Как бы скудны ни были наши сведения о практике применения ядов в Древнем мире, мы можем описать контуры этого рынка. Уровень цен на смертельный товар зависел от статуса клиента и ранга предполагаемой жертвы. Торговля ядами носила, как бы мы выразились сейчас, глобальный характер: император Каракалла не только приобретал яды в Азии, но и зарабатывал на их перепродаже в провинции.
Следует отметить и другое важное обстоятельство, которое мы забываем сегодня – политическое убийство с помощью яда было не тайным, а демонстративным актом. Кому было надо – всё знали. Как выражался оратор Марк Фабий Квинтилиан, «труднее узнать яд, нежели врага». Прославленный учитель риторики знал, о чем говорил – он был приятелем императора Домициана, безжалостного к своим политическим соперникам. Если смертная казнь врагов цезаря требовала какой–никакой, но публичной юридической процедуры, то отравление становилось казнью, при которой цезарь показывал всем, что его воля выше закона.
Политические обычаи Средневековья дали новый толчок развитию рынка отравлений – кроме растительных и животных ядов, обычных для Древнего мира, в руки владетельных отравителей попали продукты химических опытов. Мастера смерти экспериментировали с мышьяком, солями меди и фосфора, ртутью. Изменились и практики применения отравы: если в простодушном Риме отравление означало заявление «Цезарь желает, чтобы ты умер», то в Средние века яд был призван скрыть и личность, и мотивы отравителя.

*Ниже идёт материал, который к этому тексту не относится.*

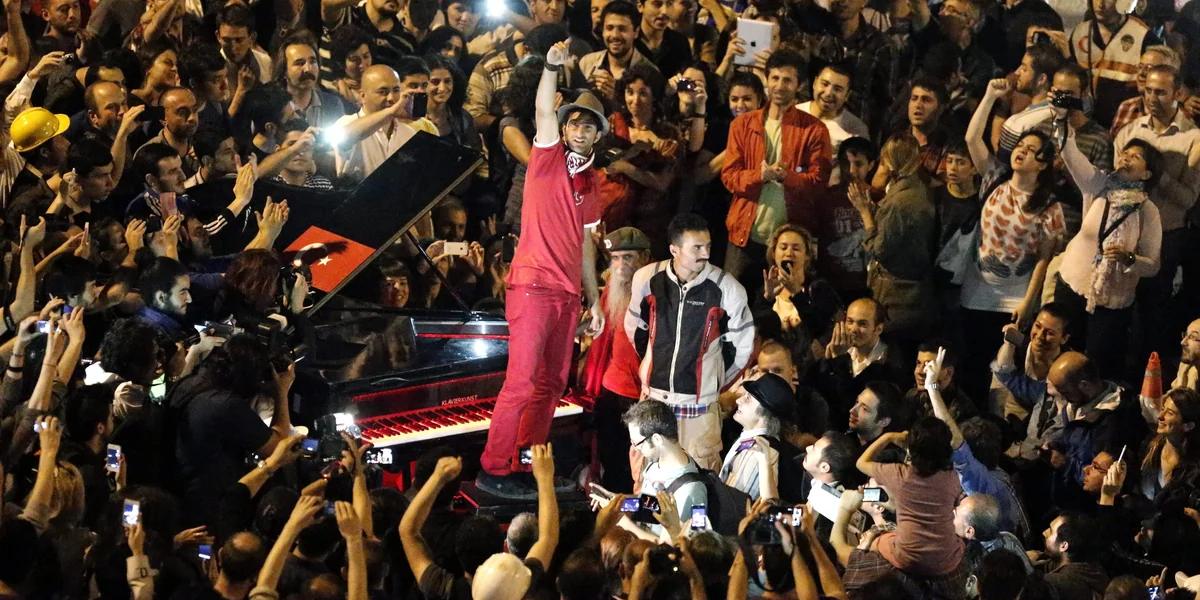 An dem Samstag, an dem die Polizei Taksimplatz und Gezipark räumt, kommt er zu spät und wird empfangen von einer Wolke Reizgas. „Ich habe alles stehen gelassen, bin weggelaufen, und als ich eine halbe Stunde später wiederkam, hatten sie meinen Flügel und mein Auto beschlagnahmt.“ Über Facebook bittet er um Hilfe, Journalisten begleiten ihn. Ein paar Tage später bekommt er alles zurück. Nach einem weiteren Auftritt im Abbasagapark, wo er als Held gefeiert wird, reist er ab.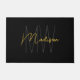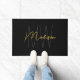 Modern Monogram Name Script Black Gold Doormat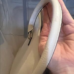 This elegant off white leather handbag is perfect for any occasion. Its sleek design and high-quality material make it a must-have accessory. EUC but some minor call outs. Some rubbing on bottom corners, handle has small scuff scratches, I see small mark on back of bag it should come out with leather cleaner. I tried with a little water but couldn’t get off. See pictures for condition.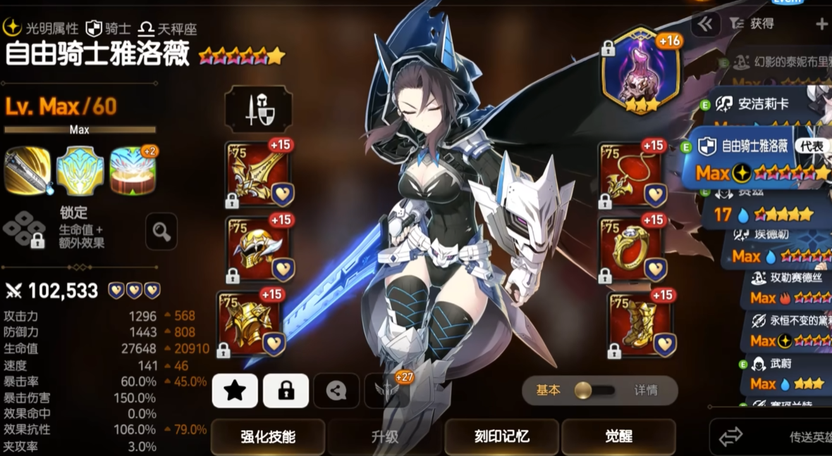 刷材料的同时也要注意雅洛薇的技能搭配。转职后的她技能会有很大变化,特别是S2的护卫效果和S3的晕眩控制都很实用。装备方面建议选择生命套或者反击套,前者能提升生存能力,后者可以频繁触发S1的自拉条效果。不用太追求速度属性,因为她本身就有不错的自拉能力,重点堆血量和防御就好。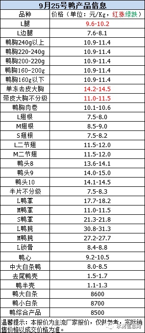 一、9月25日晚至26日 白羽肉鸭报价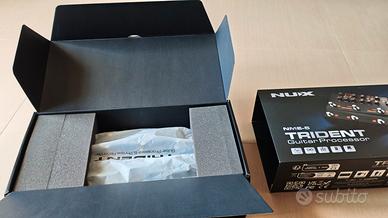 Trident è il modeler targato Nux che aggiorna l'algoritmo White Box a un nuovo livello: il 4K. La nuova piattaforma hardware ha due DSP, uno per gestire tutti gli effetti e l'altro per gestire l'algoritmo di amp modeling. Non solo: Trident utilizza convertitori A/D e D/A e circuiti analogici di qualità superiore per ottenere un suono chiaro con bassi livelli di rumore. 27 amplificatori con ingressi High/Low, 4 ingressi per cavi patch, switch per il voicing, numerose opzioni per la massima flessibilità. IR loader con 27 simulazioni cassa ad alta risoluzione + 4 microfoni con 3 posizioni ciascuno per scolpire al meglio la tua ripresa e possibilità di espandere la libreria con IR di terze parti su 32 slot aggiuntivi. E ancora sezione EFX completa a blocchi, un looper, numerose opzioni di connettività e un layout di controllo intuitivo per domare con facilità l'incredibile ventaglio di possibilità offerte in una macchina così compatta.
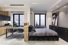 Эргономичное пространство четко разделено на общую и приватные зоны. Отделка выполнена в лаконичной, сдержанной палитре - идеальный образец современного urban-стиля с атмосферой уюта и спокойствия, где все продумано для комфортного проживания.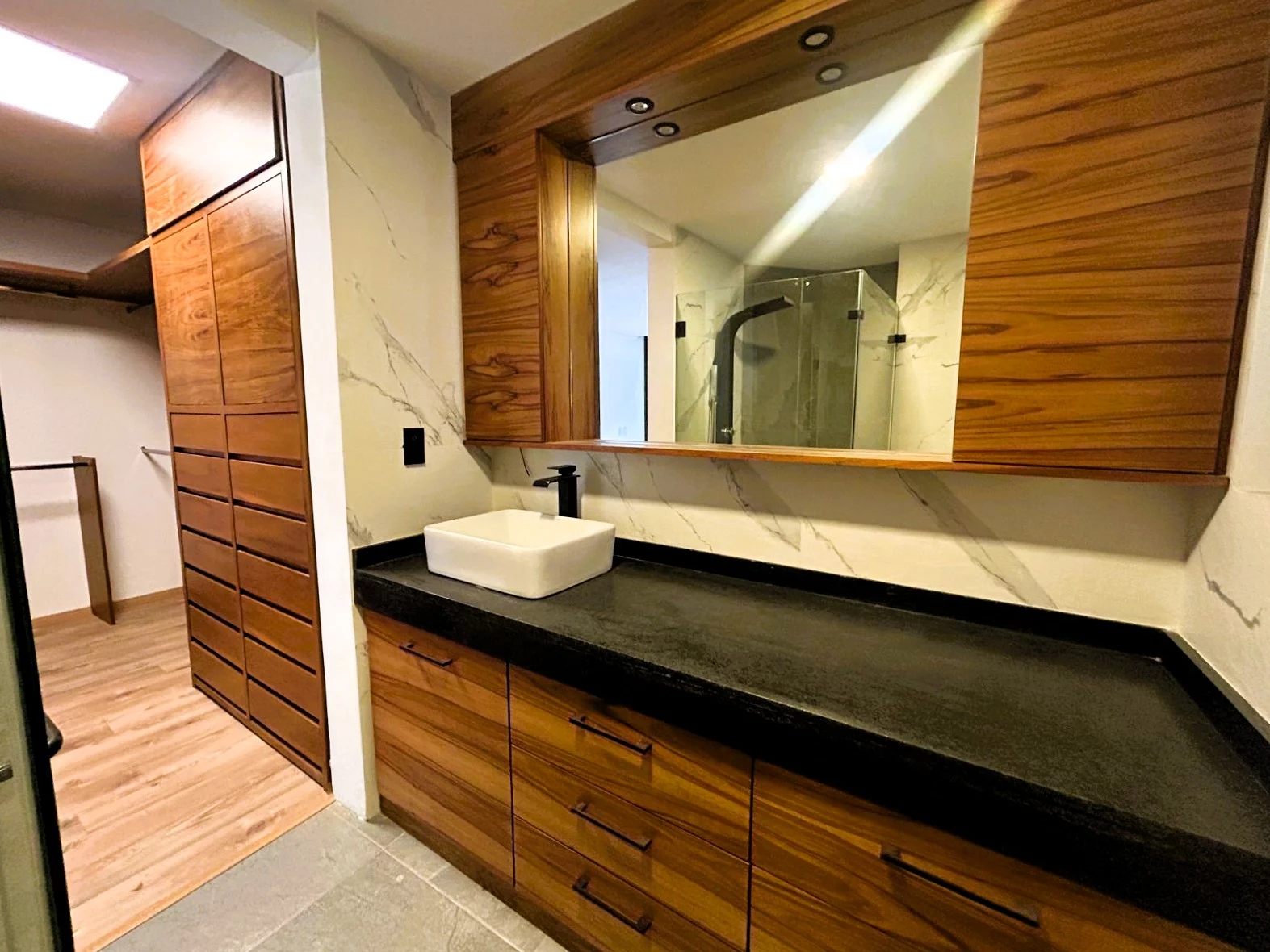 – Departamento PH con 128.51 m2 de superficie privada más Roof Top privado de 102.04m2. Cuenta con recámara principal con vestidor y baño completo, sala, comedor, balcón, cocina integral abierta, estudio, medio baño de visitas, área de lavado con baño completo y bodega.

Впрочем, иногда яд служил инструментом возмездия. В 1314 году, умирая на костре, великий магистр ордена тамплиеров Жак де Моле проклял своих палачей – папу Климента и короля Филиппа IV. И в самом деле, папа Климент умер спустя месяц после казни де Моле, а перед смертью якобы покаялся, что по его приказу был отравлен император Генрих VII (в том, что император погиб от яда, современники не сомневались). А король Филипп скончался через полгода после смерти Папы. Было ли причиной отравление – неизвестно, однако занятия алхимией и приготовление ядов оказались среди обвинений, предъявлявшихся тамплиерам.
Королю наследовали его сын Людовик и внук Иоанн, которые быстро умерли один за другим и французский трон был занят другим сыном Филиппа, тоже Филиппом, но уже Пятым. Злые языки твердили, что внезапные смерти брата и племянника оказались выгодны молодому монарху. Так это или нет, утверждать мы не возьмемся, однако известно другое: летом 1321 года по Франции прокатился слух, будто ручьи, колодцы и водоемы оказались отравленными ужасным ядом, «в состав которого входили человеческая кровь, моча, колдовские травы, головы ужей, толченые жабьи лапки, кощунственно проколотые просфоры и волосы развратниц». Король Филипп слуху поверил, результатом чего стало массовое истребление всех заподозренных в отравительстве – сначала искали тайных тамплиеров, потом сожгли лепрозории, а потом взялись за евреев.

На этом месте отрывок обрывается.